▶ _ACTIVITY_
Nothing but the lines from the one holding "Female witch and" through the last line of the material below should be set down, exactly and without images.

▶ _RECORDED DATA_
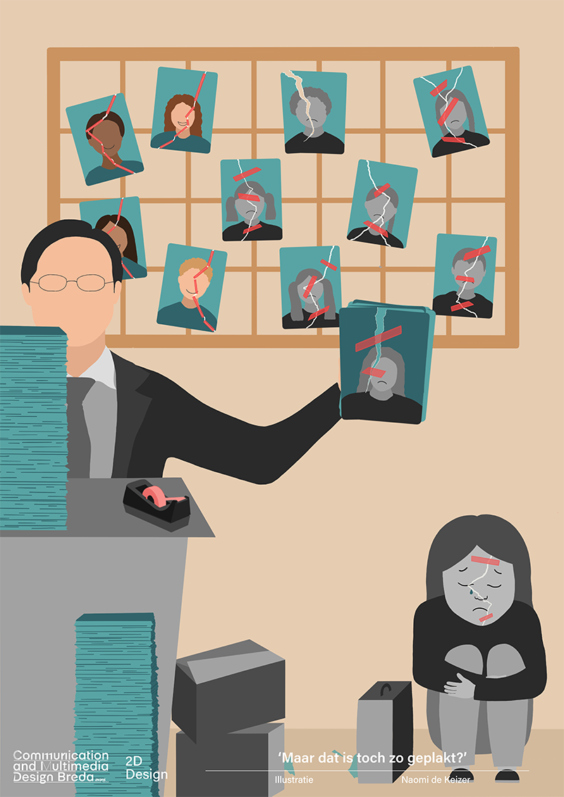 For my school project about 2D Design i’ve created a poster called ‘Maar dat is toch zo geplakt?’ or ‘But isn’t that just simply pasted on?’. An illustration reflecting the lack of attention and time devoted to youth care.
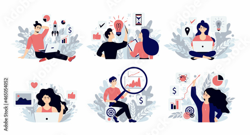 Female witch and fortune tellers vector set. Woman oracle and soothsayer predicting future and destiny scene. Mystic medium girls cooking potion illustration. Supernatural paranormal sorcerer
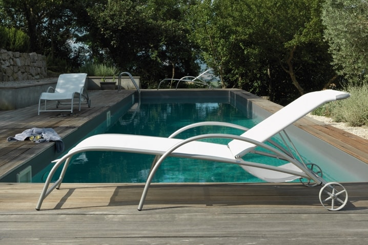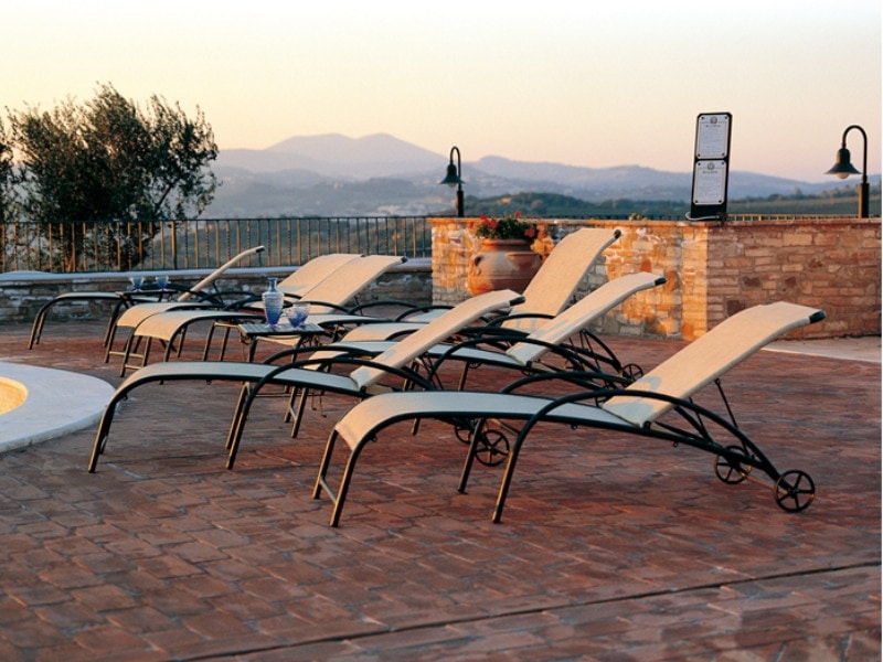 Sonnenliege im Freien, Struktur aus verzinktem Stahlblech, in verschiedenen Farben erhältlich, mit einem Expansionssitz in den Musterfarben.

▶ _SOLUTION TO THIS PROBLEM_
 Female witch and fortune tellers vector set. Woman oracle and soothsayer predicting future and destiny scene. Mystic medium girls cooking potion illustration. Supernatural paranormal sorcerer
 Sonnenliege im Freien, Struktur aus verzinktem Stahlblech, in verschiedenen Farben erhältlich, mit einem Expansionssitz in den Musterfarben.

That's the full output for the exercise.